For this purpose, a storage backend, hereinafter referred to as postgresql_v2 storage backend, was developed based on the original postgresql storage backend, supporting one or more PostgreSQL clusters based on Patroni as a DBMS and with asynchronous physical replication configured between clusters. Postgresql_v2 storage backend provides a set of metrics or telemetry of the original postgresql storage backend. The implementation of postgresql_v2 storage backend allows it to be used as a storage backend system.

As a result, we got the following supported configurations:

One PostgreSQL cluster:
- a cluster that includes two PostgreSQL nodes and an arbiter, with synchronous physical replication configured between the PostgreSQL cluster nodes.
Two PostgreSQL clusters:
- A master cluster that includes two PostgreSQL nodes and an arbiter, with synchronous physical replication configured between the PostgreSQL cluster nodes.
- StandBy cluster, including two PostgreSQL nodes and an arbiter, synchronous physical replication is configured between the PostgreSQL cluster nodes, asynchronous physical replication is configured between the clusters.

Now, shutting down DB cluster nodes for routine update work or emergency situations on one of the nodes does not result in system unavailability.

In addition, if you specify both the primary and backup cluster nodes in the connection string, switching to the backup DB cluster is performed without reconfiguring and rebooting the vaut servers. It is enough to ensure the connection of vault with the backup DB cluster at the network level and break this connection with the primary cluster, which, for example, is in an emergency state.

This feature can also be used when observing degradation of the storage system on the main DB cluster and quickly switch the application to work with the backup DB cluster.

This is what the complete cold standby database diagram looks like:

Thus, the cold database backup we made is a fully functional set of database components that asynchronously replicates data from the main PostgreSQL cluster.

Cold backup of the database performs backup not only of the functional components of the database, but also of the components that implement non-functional requirements for ensuring hot backup.

Thus, when switching to a cold reserve DB, the system will be protected from failures by a duplicate of the hot reserve. The cold reserve will be able to function as the main capacities, and those capacities that were disabled should become a cold reserve after restoration. To ensure the relevance of the data copy, the PostgreSQL servers must be active and configured for cascade replication from the servers of the main cluster.

All the described activities and improvements have significantly increased the availability of the application.

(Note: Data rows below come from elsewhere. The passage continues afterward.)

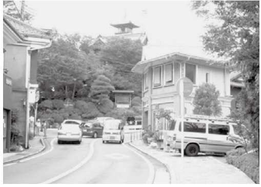
宮ノ下国道1号線からホテルの塔屋を望む

そうなんです。なんかないいよねです。なんでしょう……自然、歴史、建物、それぞれの地域の雰囲気、一番いいのは、住んでいる皆さんの心です。 それらはすべて先人達が残してくれた偉大な遺産でもあります。 私の好きな景色、景観は町の中にたくさんあります。 湯本の温泉場の雰囲気、大平台の路地、宮ノ下独特のちよつとエキゾチックな街並み、宮城野の川沿いの桜、仙石原の湿原、箱根の富士山と芦ノ湖……明治
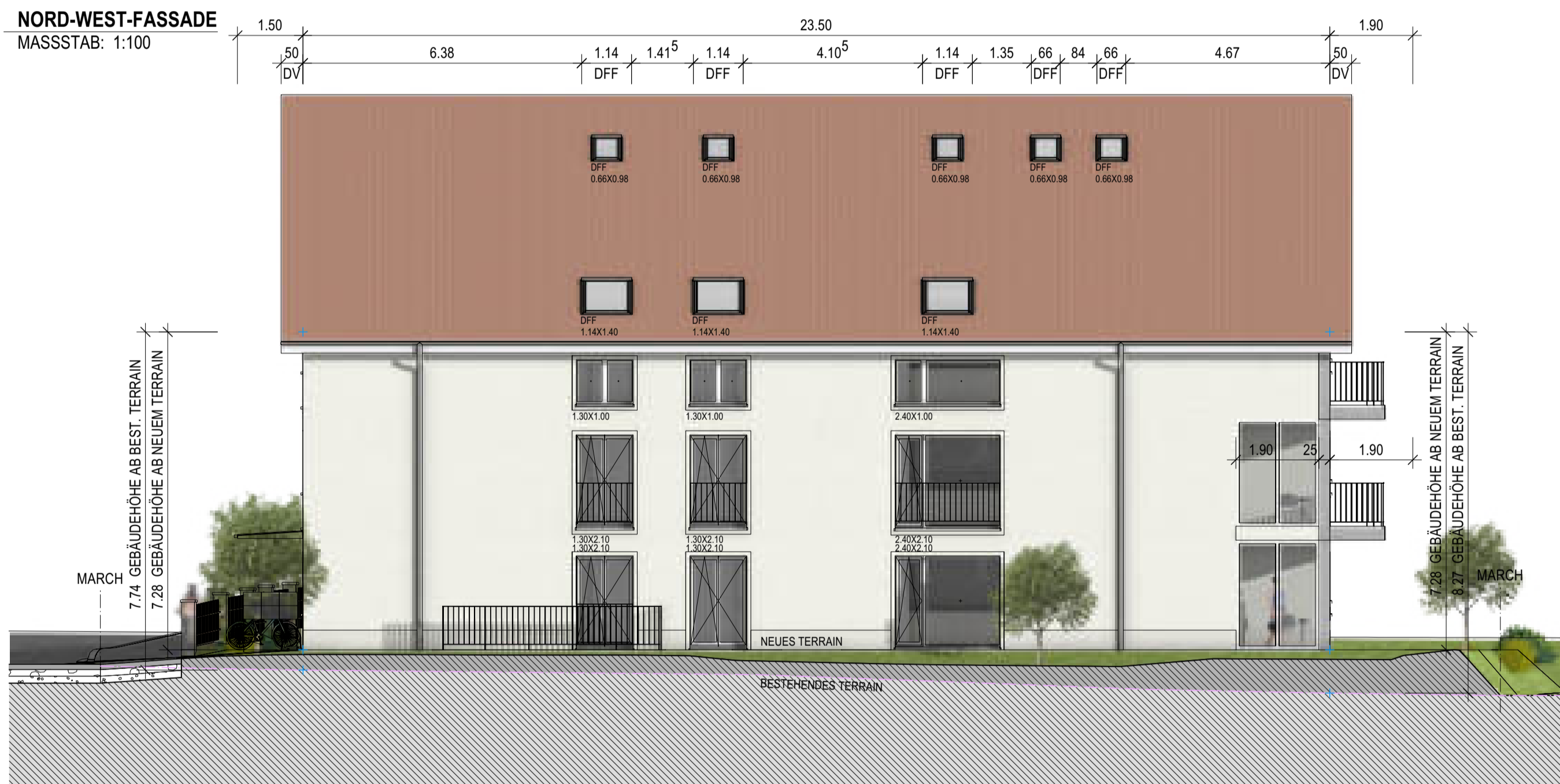
NORD-WEST-FASSADE MASSSTAB: 1:100
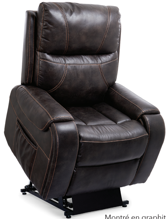
Montré en graphite

We have sorted out downtimes during routine maintenance on application servers or DB cluster servers. But there is still one very important and difficult question left – the behavior of secrets consumer systems during the basic and main procedure of the secrets management module – secret rotation. What is the problem here?

The consumer system can receive the secret. At this time, vault can perform password rotation. And the system with the received secret will no longer be able to successfully connect, for example, to its DB.

To solve this problem, we implemented “TUZ Kits” (TUZ — technological accounts), naturally, while maintaining backward compatibility of methods for obtaining secrets.

The essence of the improvement is that our secrets module should be able to provide support for sets of ACS pairs consisting of ACSs and their secrets offset from each other, by validity periods. Thus, when requesting access parameters, a current secret with a guaranteed remaining validity period is now issued, and when delivered, an up-to-date secret with a guaranteed remaining validity period is delivered. Accordingly, the rotation of ACS secrets is configured in such a way that the ACS and secrets for which delivery is configured are up-to-date on all available resources – sources that use them.

Everything is great! We have deployed the project, provided flexible scalability, excellent performance and high availability, configured and put our system into operation. “Accounts are spinning”, clients are connecting. But what does the support team see in the application server resource consumption monitoring graphs? They see uneven resource utilization.

Let's recall the architecture of a vanilla Opensource vault: client requests are processed on the Master node. The Slave node only forwards the request to the Master, waits for a response from the Master, and returns it to the client. Thus, in a cluster of 3, 5, 7 nodes, only the Master node utilizes resources. Slave nodes are essentially idle. Scaling is only vertical: no matter how many nodes are added to the cluster, performance is limited by the capacity of the Master.

To redistribute the load, we implemented functionality for reading from standby nodes.

The improvement consists of providing horizontal scaling of the system performance for requests that do not result in writing information to the database (physical backend). Scaling becomes possible by processing such requests on stand-by nodes with redirection of “inappropriate” requests to the cluster leader.

Thus, the following functions are implemented:

Filtering requests on stand-by nodes and redirecting to the leader those requests that cannot be processed on stand-by nodes (write requests).
Authorization of requests on the stand-by node side.
Updating the cache of stand-by nodes when the leader's cache changes.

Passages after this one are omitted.